Mrs. Gordon laughed. "Have I noticed it, James! Lucy and I have been doing our best to bring it about for the past two months. She actually enjoys going around with other girls now, and the effort has been a good thing for Lucy, too. You know, Marian has the making of a very fine and accomplished girl under her drawback of ill-health. Don't you think she has grown to be a very pleasant little guest?"
"Not only that, but she looks so much stronger, and she has some color in her cheeks. I hated to see her as thin and white as she looked in the summer. I didn't wonder Henry was afraid to leave her. She's gained at least ten pounds, I'm certain—though she hasn't had many luxuries here."
"I don't know," said Mrs. Gordon thoughtfully. "It's luxury to have a home and friends her own age, after having lived principally in hotels and on shipboard for so long. I don't think she has known what home is since her mother died. When she gets back her health—you remember what a bright, jolly little thing she was years ago, James?—I know Marian will want to open up that big Long Island house and live there. She is the only one left to make a home for her father, and with a little more self-confidence she is quite smart enough to do it."
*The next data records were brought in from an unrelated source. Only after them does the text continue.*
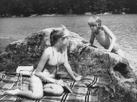 - Na brehu rieky na deke sedí s knihou v ruke Michaela Dudová (Valika Kováčová), vpravo stojí Richard Stanke (Peter Kováč, Valikin brat), obaja sú v plavkách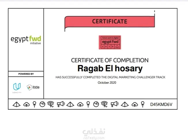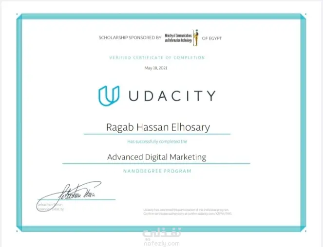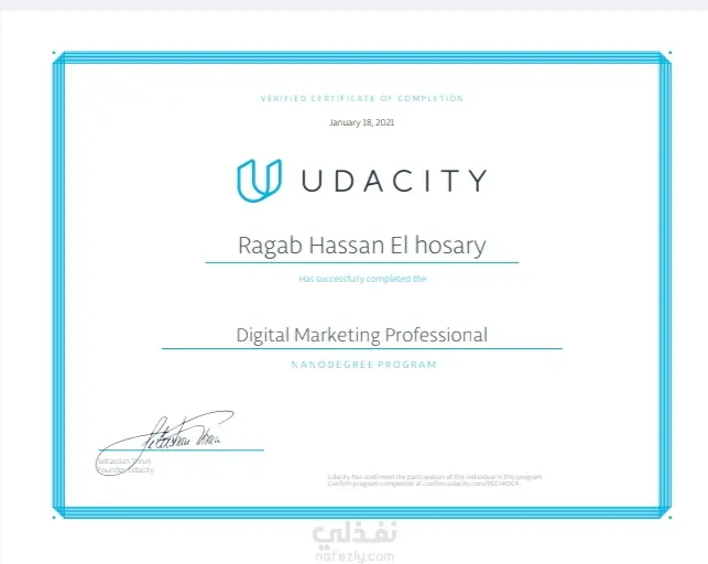 الشهادات التى حصلت عليه خلال دراسته لمنحه Udacity digital marketing Nanodegree بمراحلها الثالثه challenger, professional, Advanced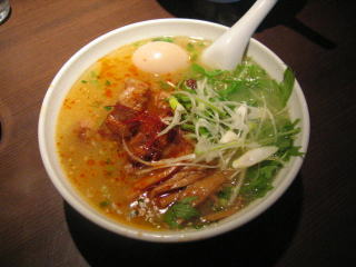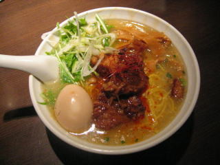 「牛骨牛肉白湯麺(数量限定)」880円の「大盛り」(100円)にします。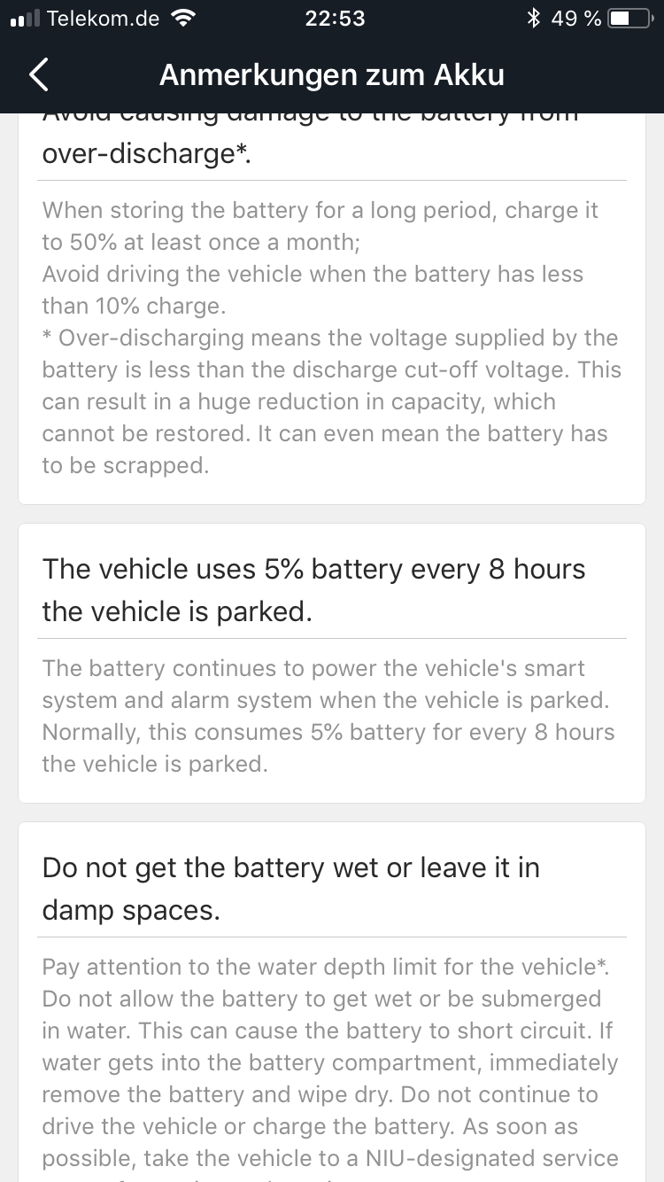 Richtig, Niu sagt sogar in der App das je 8h , 5% Akku flöten gehen.JoeMacFox hat geschrieben: Fr 3. Aug 2018, 19:32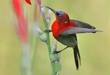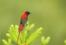 火尾太阳鸟为太阳鸟科太阳鸟属的鸟类。体长20厘米,色彩艳丽。雄鸟红色,具形长的艳猩红色中央尾羽。头顶金属蓝色,眼先和头侧黑色,喉及髭纹金属紫色。下体黄色,胸具艳丽的橘黄色块斑。雌鸟灰橄榄色,腰黄,…全部>>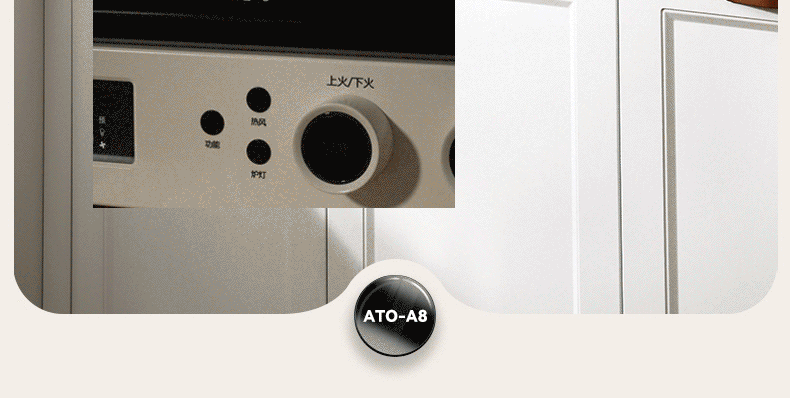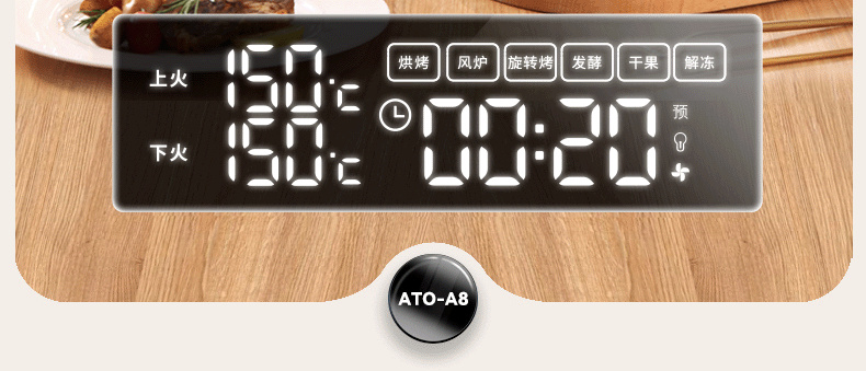 ACA风炉烤箱A8正面下方是操作面板,一块LED高清大屏,功能、状态显示一目了然。实体按键+无极旋钮,电子式操控,烘焙模式、温度、时间都能精准控制。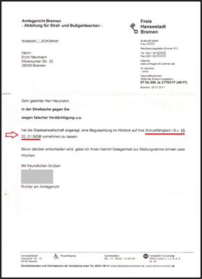 Jedoch das Amtsgericht Bremen hat eine Anregung erhalten wie das Schreiben vom 21.12.2023 bestätigt. Ich muss noch klären, von wo kam diese Anregung?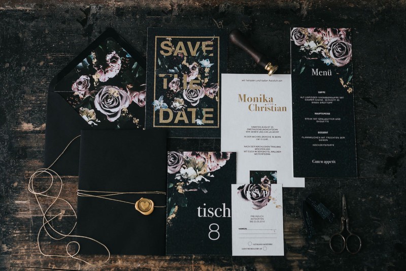 Warme Goldtöne treffen auf dominante Schwarztöne. Durch große, wilde Blumen in dunklen Tönen, wird der Kontrast aufgebrochen und verbunden.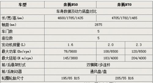 一汽奔騰新款轎車-B50即將在5月16日正式上市,作為向下擴展的重要車型,它被一汽寄予了很大的期待。據悉,B50將推出1.6L的手動、自動5個型號的車型,分別為1.6L MT豪華型、1.6L AT 豪華型、1.6L MT 尊貴型、1.6L AT 尊貴型及特別的1.6L AT 3G型,這里就將這款新車與B70做一個詳細的配置對比,看看兩款兄弟車型到底區別在那里。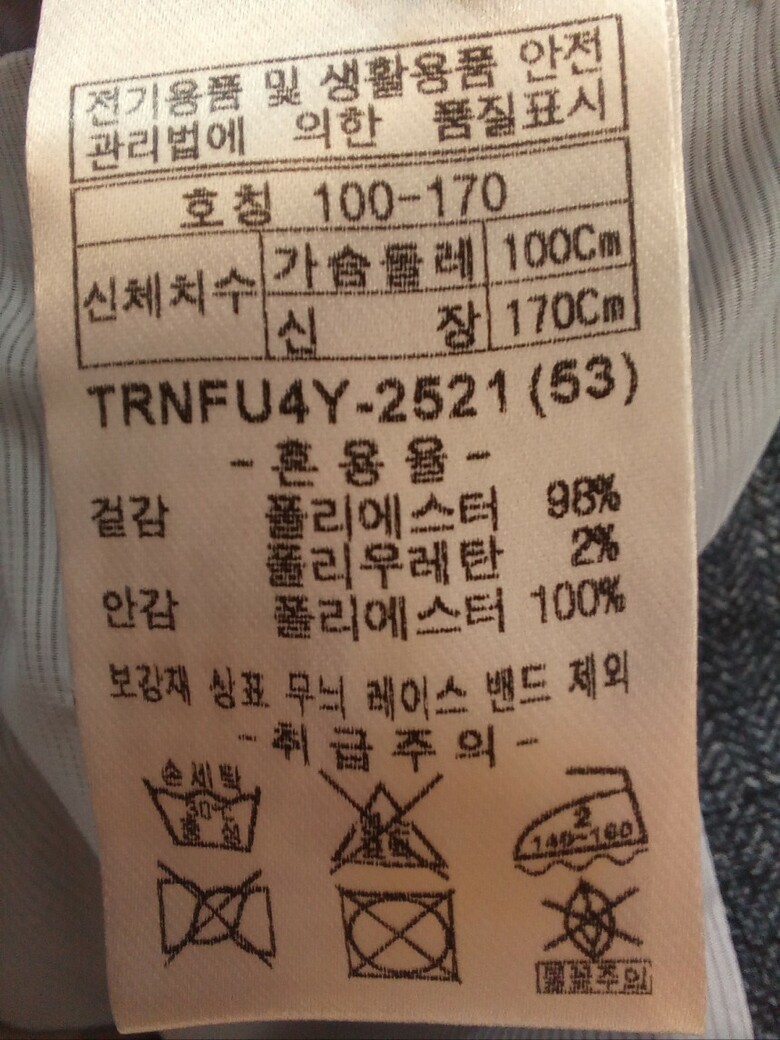 | 1. 제품 소재 (섬유의 조성 또는 혼용률을 백분율로 표시, 기능성인 경우 성적서 또는 허가서) | 겉감:폴리에스테르 98%, 폴리우레탄 2% / 안감:폴리에스테르 100%, |

"Aren't you rushing things a little?" inquired Major Gordon genially. "Henry would be a bit surprised at the idea."
"I hope he will be more surprised when he sees her," said Mrs. Gordon, smiling. "Don't stay too long at Headquarters," she added, as her husband moved toward the door. "It's Saturday, you know."
The Major jerked his head in the direction of the parade, where squads of recruits were tirelessly drilling in the cold wind. "It's also war time," he remarked, stopping to tickle Happy's ears as he came racing up the steps.
Lucy and Marian had gone up-stairs and plunged into their Latin, so as to finish with it as soon as possible. It was not a popular study with either of them, and translation, of which Miss Ellis seemed especially fond, was Lucy's bugbear.
"How far have you gone, Marian?" she asked after twenty minutes' silence. "'The queen will fight?' I don't believe she will, anyway—why should she? Aren't these the silliest sentences?"
"She has to fight because we know so few verbs," said Marian, laying down her pen to stretch, "unless you want to make her dance or sing."